I'm posting this info again and I'm really seeking some help and hoping somebody out there may know something? Some of you will get sick of reading this, sorry...but I have found more info (children)

My grandfather Alexander Sutherland was born in 1889 in Westerdale, Caithness.
HIS father was James Sutherland born in 1860
and James married Cathrine who was born in 1861 

They also had the following children (Alexanders siblings)

Harrieta born 1882
Hugh born 1887
Donald born 1890
Cathrine born 1892
George born 1893
John born 1895
Margaret born 1897
David - 1901

Pleeeease!  Does anyone know anything about this family?
I know that Alexander,  my grandfather emigrated to New Zealand,  whether as a child or an adult I dont know. But he was still there in 1901 when they did the census I know that much.

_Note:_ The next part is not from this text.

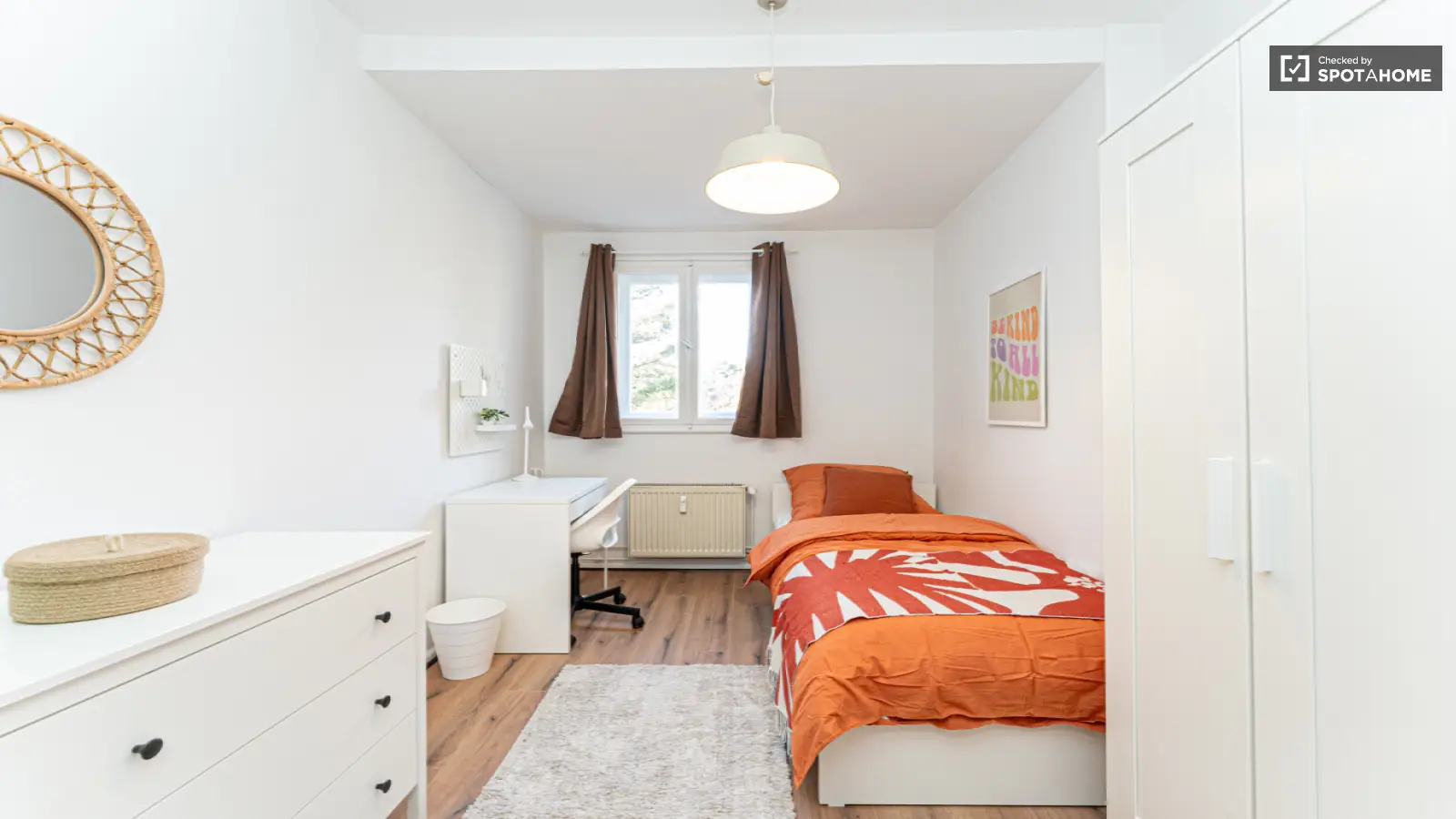 Bienvenue dans cette superbe chambre au sein d'un appartement de 9 chambres en colocation à Berlin ! Entièrement meublé, ce logement offre confort et praticité aux jeunes actifs comme aux étudiants. L'appartement comprend une cuisine équipée et les charges (électricité, eau, chauffage, gaz et Wi-Fi) sont incluses. Il est interdit de fumer et d'amener des animaux domestiques. Les couples ne sont pas admis afin de garantir une ambiance de vie harmonieuse. Spotahome a vérifié ce logement pour vous assurer qualité et sécurité.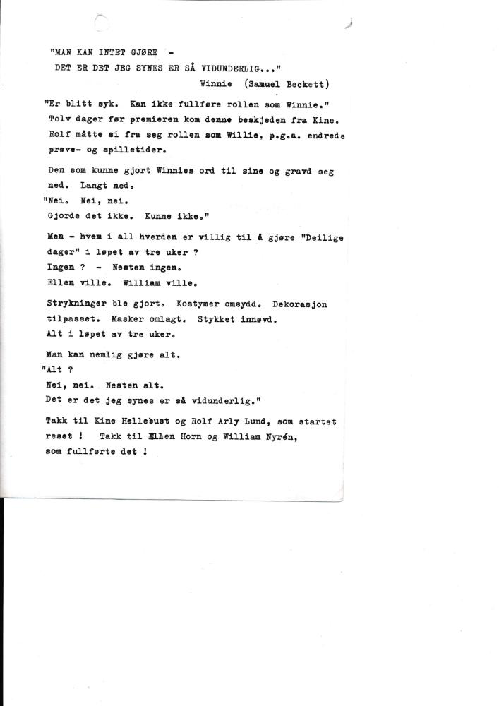 Program til Statens teaterskoles produksjon Deilige dager (1981)

Alexanders grandparents were:

James Sutherland 1823 - married Margaret Lowrie
They had two children from what I've found..
Isabella born 1849
Donald born 1851
I have searched for Donald in the rest of the census (only the free ones,  I simply cannot afford the pay sites),  but he seems to have dropped out of existance,  I wonder if he died as a child?

Then there was a Donald Sutherland born 1786 - married Isabella Budge
they had 3 children (census was in  - or were born in Orkney?? - is that anywhere near Westerday, Caithness?)
children were:  Mary - 1821,  Barbara - 1836 and Donald - 1831

Then earlier again,  a Charles Sutherland born 1750 - married Cathrine Gordon

This is as far as I have gotten on the free sites....

I live in NZ and trying to track down possible relatives still living in Caithness,  or anywhere in Scotland,  and desparately searching for someone who may be able to help?

----------


## david

> I'm posting this info again and I'm really seeking some help and hoping somebody out there may know something? Some of you will get sick of reading this, sorry...but I have found more info (children)
> 
> My grandfather Alexander Sutherland was born in 1889 in Westerdale, Caithness.
> HIS father was James Sutherland born in 1860
> and James married Cathrine who was born in 1861 
> 
> They also had the following children (Alexanders siblings)
> 
> Harrieta born 1882
> ...


Orkney is an Island off Caithness and is no where near westerdale-about 20 sea miles I think.

----------


## lindadorren

James Sutherland and Margaret Laurie (or Lawrie) had 12 children, born between 1850 and 1870. Their youngest child Mary Sutherland was my great grandmother.  
Donald died of leukaemia in 1878.  Of his siblings Thomas had 9 children!  I can send more info if you private message me.

Linda

----------